Wednesday, November 27, 2019

One Cut of the Dead

One Cut of the Dead is a 2017 horror/comedy directed by Shinichiro Ueda. It follows the cast and crew of a zombie movie whose shoot in a WWII military facility is interrupted by a real zombie outbreak. Its biggest marketing point is a 37-minute opening shot, filmed in a single take, but its most ambitious efforts don't become apparent until well after the first cut.

One Cut of the Dead might be the smartest film I've ever seen, and it's an incredible exercise in setup and punchline.

Without that 37-minute shot, there's not much chance One Cut would have made a big enough name for itself on the festival circuit for a UK Blu release, and that headline is certainly what drew me to watching it. But I was expecting something truly special from that opening 37 minutes, and I grew quite disappointed as it wore on.

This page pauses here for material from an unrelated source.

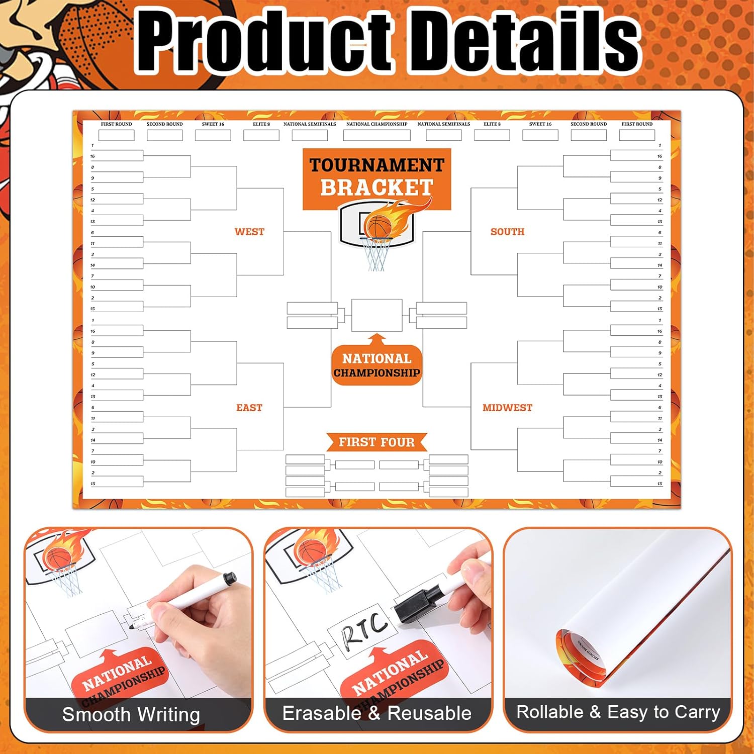 This basketball tournament bracket poster set includes everything you need: a 19 x 13-inch bracket poster, 6 dry erase markers, 9 adhesive dots, and a square eraser. It's ideal for organizing your next basketball event, whether it's for March basketball tournament. Crafted from durable paper material, the basketball dry erase bracket offers a long-lasting solution for tournament tracking. The sturdy design resists tearing, and the dry erase markers with eraser ensure easy updates. Ideal for multiple uses in both men’ s basketball tournament bracket poster sets and other fun events. Specification: Material: Paper Color: Orange Size: 19 x 13 inches Package Includes: 1 x large basketball bracket poster 9 x adhesive dots 6 x colorful magnetic markers 1 x orange square eraser(2 x 2 x 0.8 inches) This versatile basketball bracket board tournament set is ideal for classrooms, offices, or parties. It's a great way to engage with your basketball bulletin board decorations or track your 64 team tournament bracket large. Easily portable, this set offers fun and functionality for any basketball fan.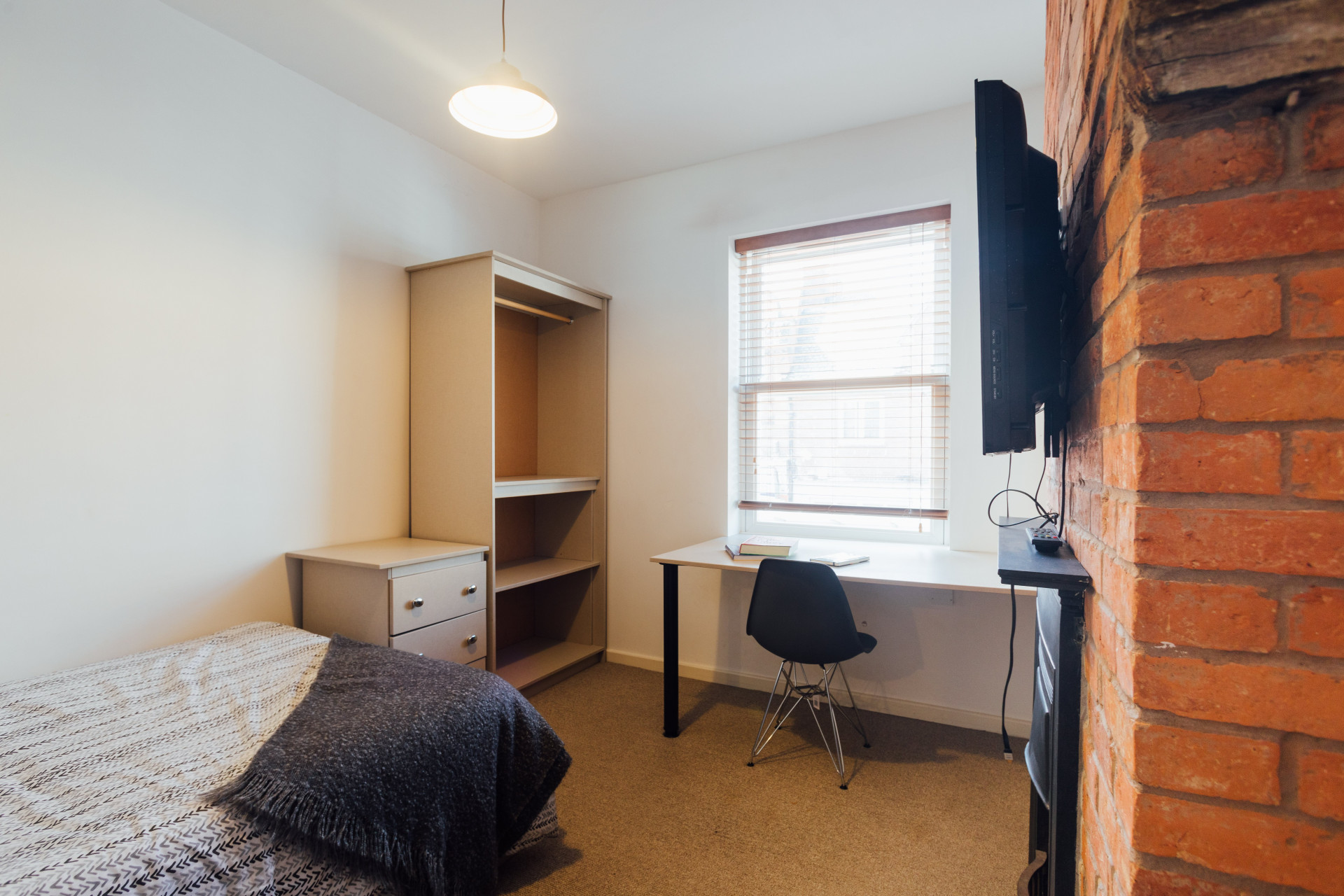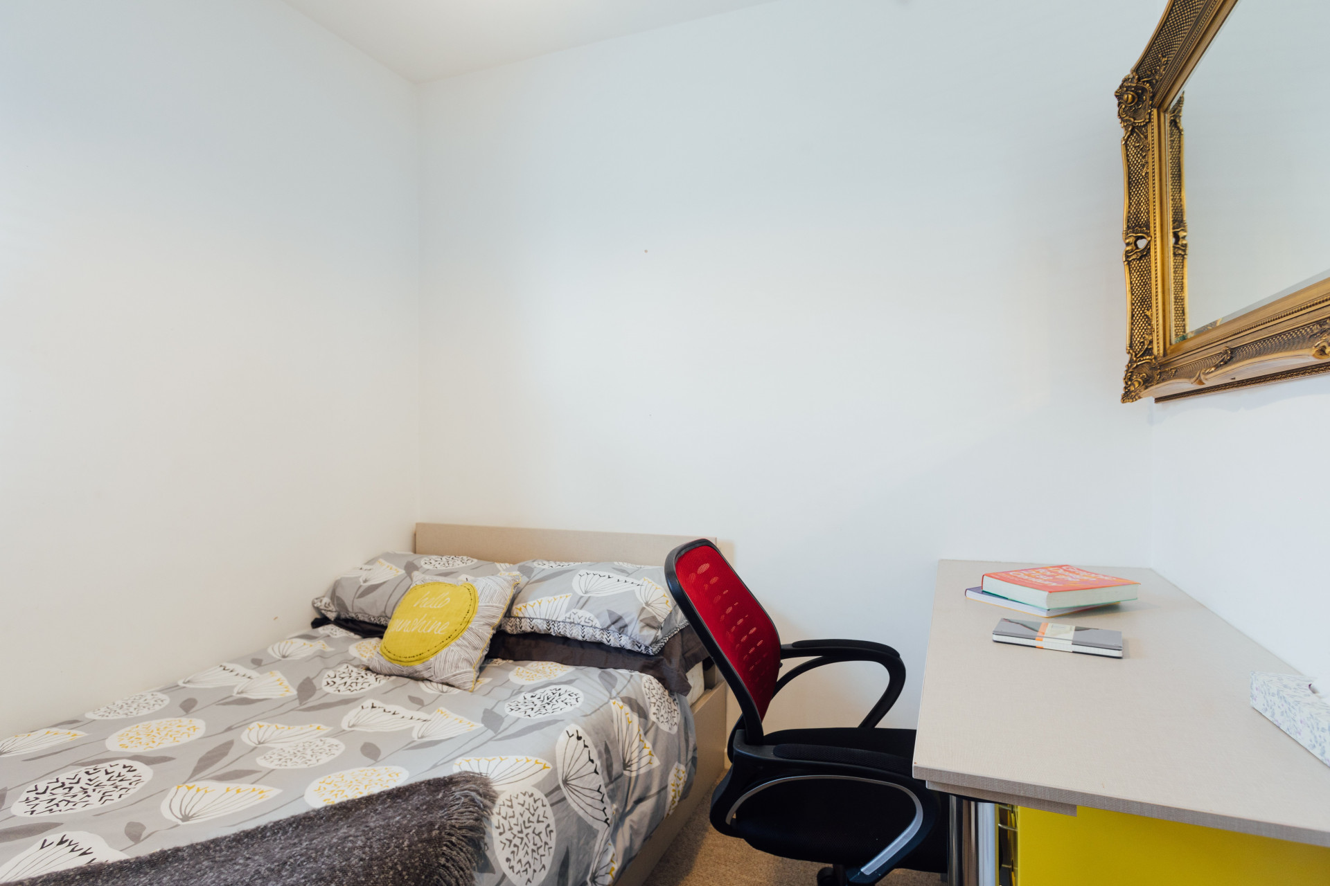 - Bedroom furniture: bed, desk, desk chair, wardrobe, and drawers

Like most things in filmmaking, everything I know about "oners" comes from Tony Zhao. Using the background and foreground to keep a long shot interesting, how the camera movements give each scene a clear structure - One Cut does none of these things.

Its camera is constantly in motion, failing to properly give focus to characters or events. The actors stumble awkwardly over lines, seemingly improvising sections of dialogue; a couple of times the director character breaks the fourth wall in a way that the other actors seem to ignore. The camera work is haphazard, with an escalating number of crash-zooms towards the finale, where we spend over two minutes zooming in and out on the lead actress screaming while we hear a fight between two other actors off-screen. There's a "crane" shot at the end that looks like the cameraman is climbing a ladder instead of using an actual crane.

It's a slapdash, amateurish affair that can't really live up to either its own ambition or the marketing hype - and that's entirely the point, because One Cut of the Dead has the most impressive re-contextualisation of previously-held knowledge of any film I've ever seen.

To say more would spoil it, and you deserve to see the whole thing yourself.

Just trust me when I say that it is absolutely worth sitting through that sometimes-questionable opening oner.